Come Scorsese (Shutter Island), Clint Eastwood (Mystic River) e dopo aver lui stesso già attinto a un suo romanzo, Gone Baby Gone, Affleck sceglie infatti un libro di Lehane per il suo ultimo film da regista. Lussuosamente fotografato dall’abituale direttore della fotografia di Oliver Stone e Tarantino, Bob Richardson, La legge della notte è il film visivamente più studiato, più ambizioso e il più costoso che Affleck abbia mai diretto.

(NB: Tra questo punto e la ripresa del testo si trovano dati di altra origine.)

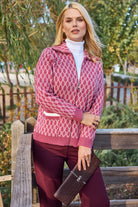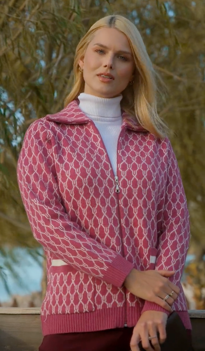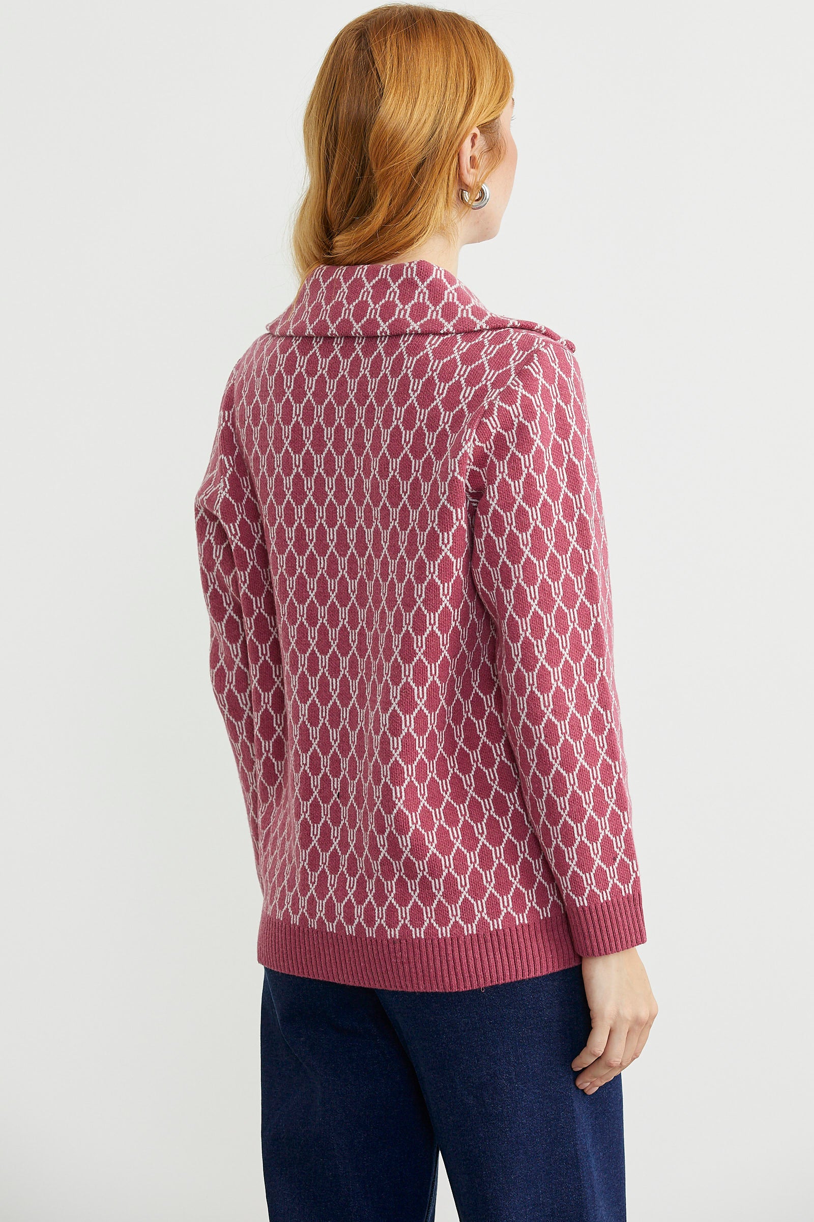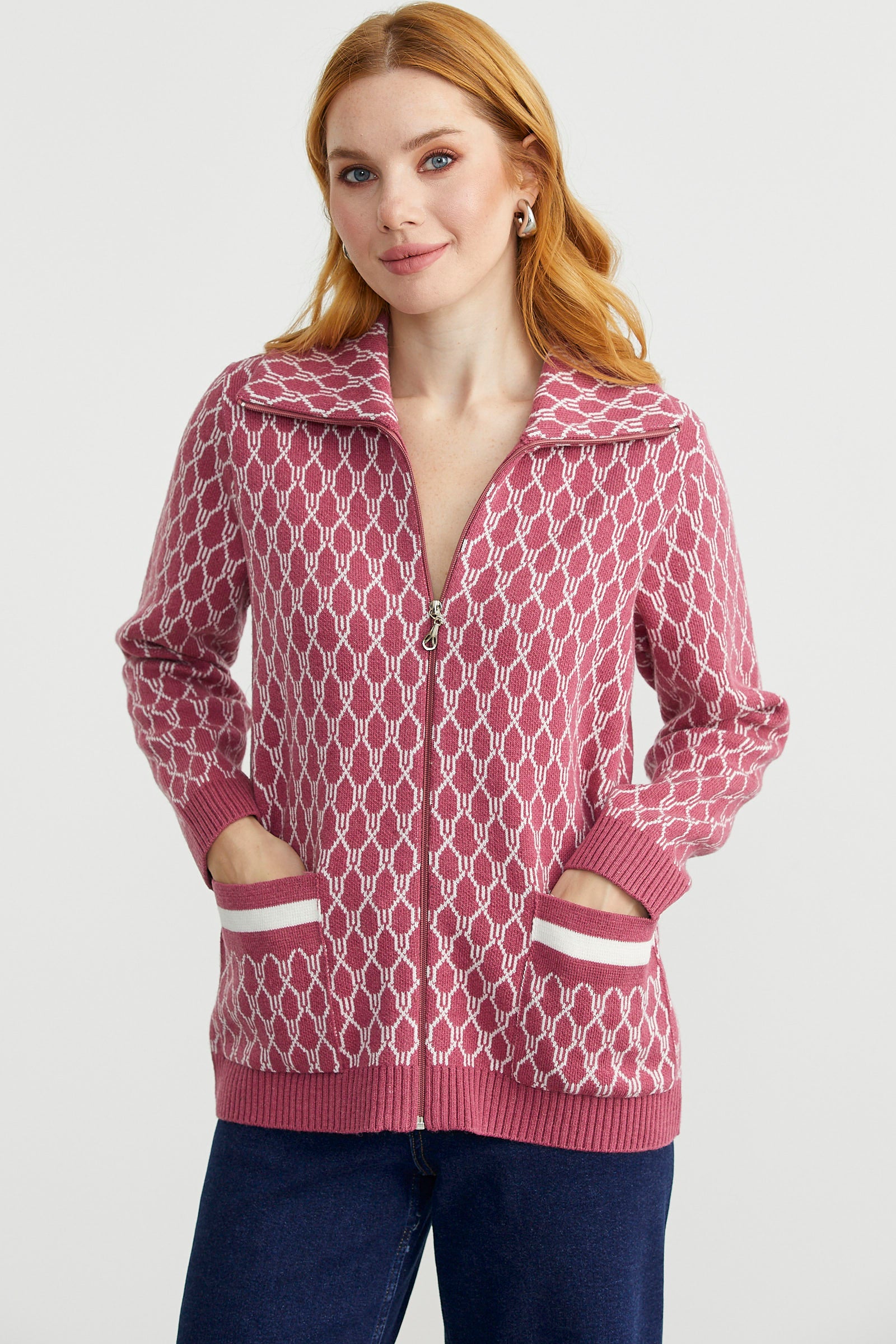 Çift Renk Kalın Yünlü Triko Hırka - Gül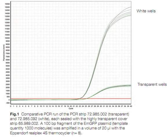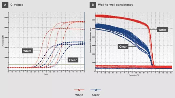 在設(shè)置實(shí)時(shí)PCR或qPCR的反應(yīng)時(shí),與透明耗材相比,我們更推薦使用白色耗材,以實(shí)現(xiàn)靈敏和準(zhǔn)確的熒光檢測(cè)。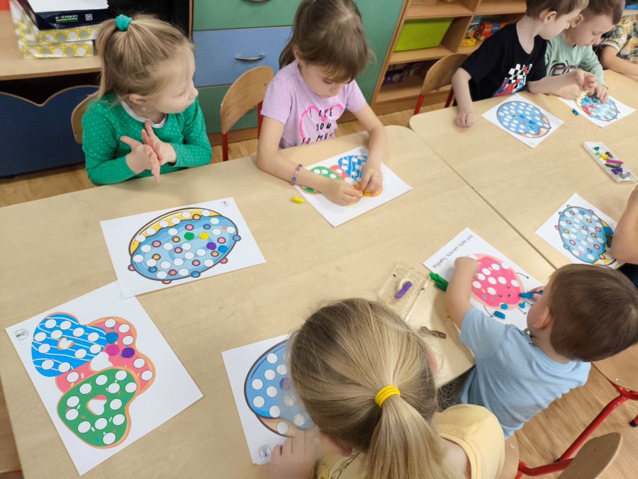 Następnie przyszedł czas na zajęcia plastyczne – dzieci uzupełniały brakujące kropeczki na obrazkach, wykorzystując do tego plastelinę. Zabawa była nie tylko kreatywna, ale i doskonale rozwijała motorykę małą.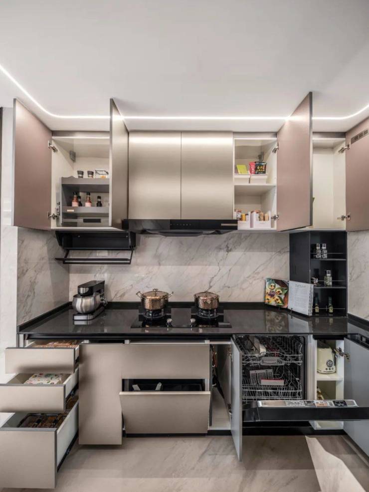 而在厨房,这种极致收纳的思维被简化为“一步原则”:收纳空间全部打开,几乎能填满整个厨房空间,这些收纳空间不是随意塞满的,而是根据日常烹饪习惯的频率来贴心规划的,能保证你在操作半径内触手可得,整个烹饪能一气呵成.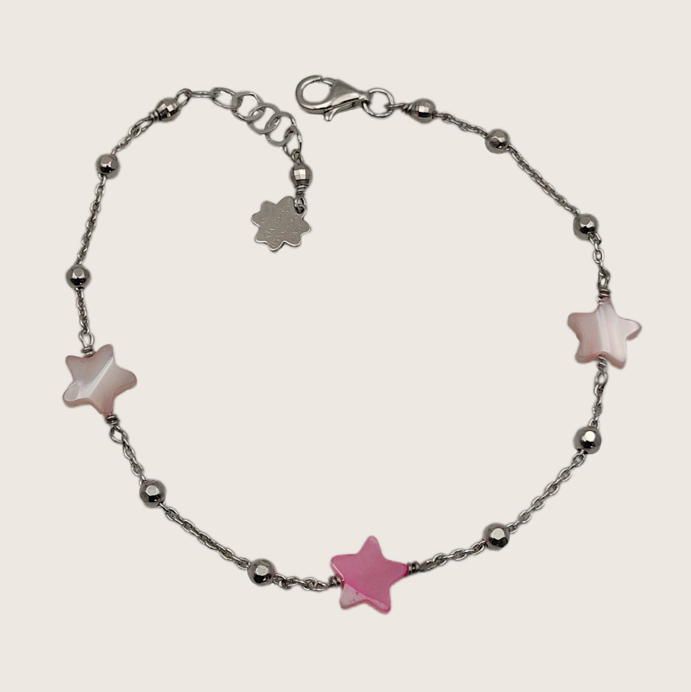 Stelline in madreperla rosa inserite con lavorazione a nodo rosario.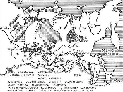 Siberia Sobietar Batasuneko erregai-biltegia da. Dituen energi erreserbatatik ia hiru laurden bertan daude eta seguruenik ere munduko ikatz-erreserben erdia du. Siberiako oihanak munduko zurgintzarako material guztitik bostena du, eta bertako 50.000 inguru ibaitako bik (Yenisei eta Lena-k), Sobietar Batasun guztian baino energi erreserba gehiago dute.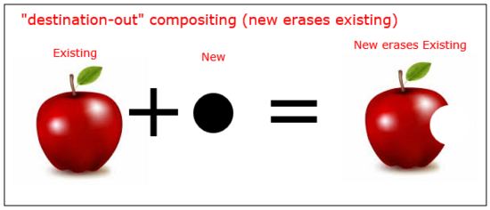 正如上图,红苹果和黑色的圆,通过 globalCompositeOperation
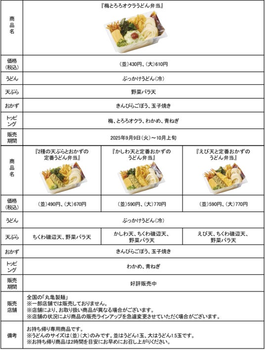 株式会社丸亀製麺(本社:東京都渋谷区、代表取締役社長:山口 寛)が展開する、食の感動体験を探求し、手づくり・できたてにこだわる讃岐うどん専門店「丸亀製麺」は、いつでもどこでも打ち立てのうどんを楽しんでいただける、お持ち帰り専用商品「丸亀うどん弁当」の新作として『梅とろろオクラうどん弁当』を2025年9月9日(火)から全国の丸亀製麺にて期間限定で販売します。この秋は、手に取りやすい430円から全4種のラインアップをご用意しています。
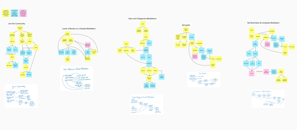 Once the information architecture was established, I began thinking about user flows. First, I set goals which described specific tasks I want the users to complete such as rating a guided meditation. I ideated ten and then chose five to sketch into user flows. Those five were: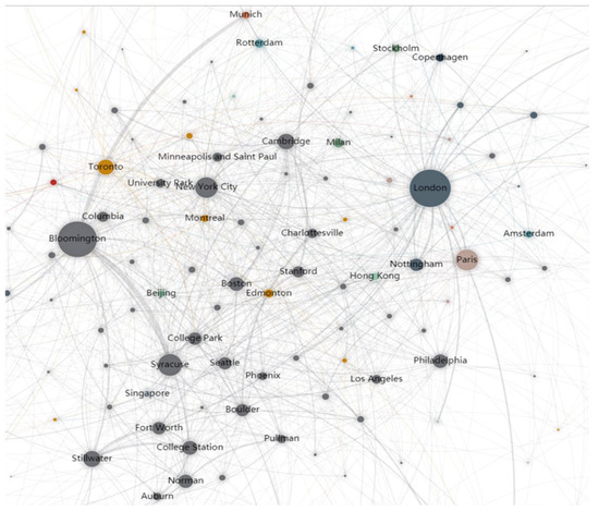 With the development of science and technology becoming an important regional economic unit of a country, the status of cities has become increasingly prominent [39]. As shown in the analysis in the previous section, international academic cooperation has changed dynamically over time. As the next level of the country, research at the city level can directly explain this phenomenon. Therefore, we examined the details of the cities where the organization are located. According to our dataset, 595 cities from different countries participated in international academic collaboration. As shown in Figure 6, the network of cooperation between the cities also presents the characteristics of the core periphery. The performance of American cities is outstanding, which directly explains the central position of the United States in international cooperation. London and Bloomington lead the academic collaboration, but some cities from other countries also have pretty good performance. Munich, Rotterdam, Copenhagen, Stockholm, Milan, Amsterdam, Toronto, Paris, Beijing, Hong Kong also occupy important positions in academic collaboration.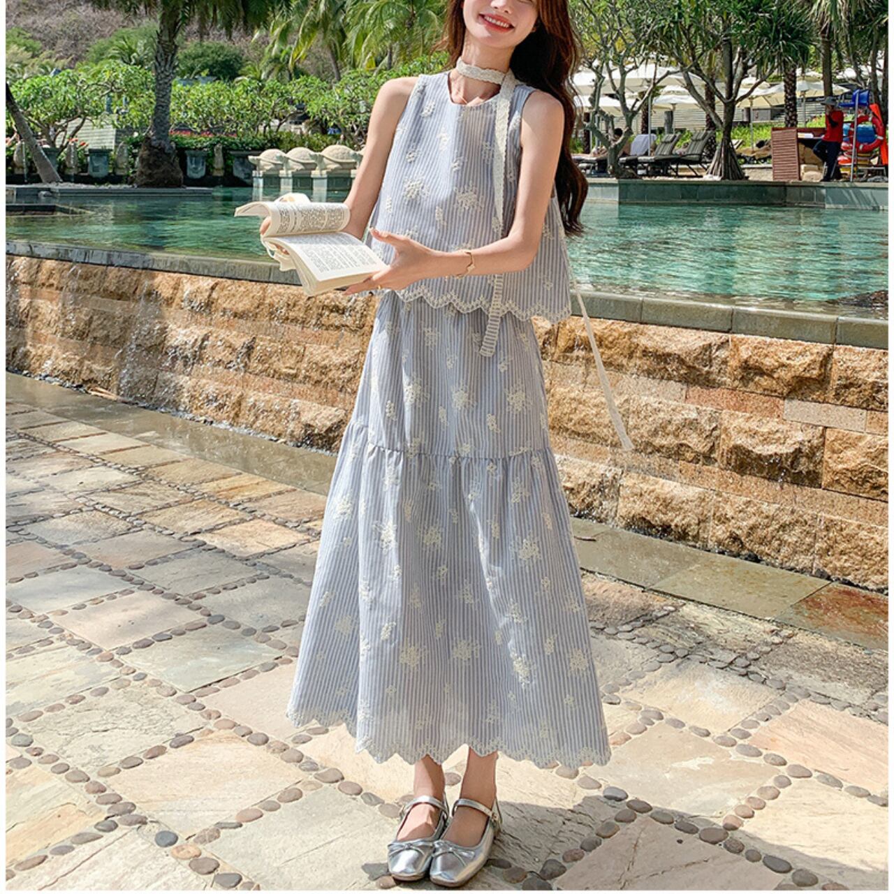 # フラワー 刺繡 レース ノースリーブ ブルー ストライプ ワンピース ツーピース 250511

È anche il più inerte – un affresco sui lati oscuri dell’American dream, riflesso nelle guerre tra gangster dei roaring twenties, che però manca di muscolo, definizione, e la cui grandeur si perde poco a poco, come in una manciata di coriandoli.

 

 

Sulle orme di James Cagney e Edgar J. Robinson, Affleck è Joe Coughlin un ambizioso ragazzo dei quartieri irlandesi di Boston che, rientrato dal fronte della prima guerra mondiale, imbocca la carriera del crimine a scapito del papà capitano della polizia (Brendan Gleason). Tra i suoi primi passi falsi, quello di innamorarsi -ricambiato – dell’amante (Sienna Miller) di un potente boss locale, Albert White che, scoperta la tresca, lo fa pestare a sangue lasciandolo per morto.

 

 

Per vendicarsi di White, Joe si mette al servizio dei suoi rivali, la mafia italiana, e del loro capo, Maso Pescatore che, annusato il potenziale di Joe, lo spedisce a combattere White sul fronte delle guerre del rum, giù in Florida. Dai grigi freddi del Massachusetts ai verdi dorati dei tropici, riscaldato dalle brezze cubane e dall’abbraccio di Zoe Saldana, Joe si rivela un businessman astuto, spietato e antirazzista, che annette il territorio di altre famiglie a forza di cadaveri e mazzette alle forze dell’ordine.

 

 

Ma prima ancora della grande sparatoria di rito (echi dello Scarface di De Palma e di Dillinger), la debolezza della sua impresa -e, ci dice Lehane, di quell’American dream così  semplice e impunito- è illuminata in uno dei passaggi più belli del film: l’incontro con una teen ager (Elle Fanning) che, partita per cercare fortuna a Hollywood, tornata sfigurata dalla droga è diventa una sacerdotessa newborn christian che predica il credo della temperanza. Bibbia, pistole, il miraggio di un’innocenza del capitalismo che non c’e’ mai stata, due love story: gli ingredienti ci sono tutti. Il film meno. Peccato. Ma non è privo di fascino.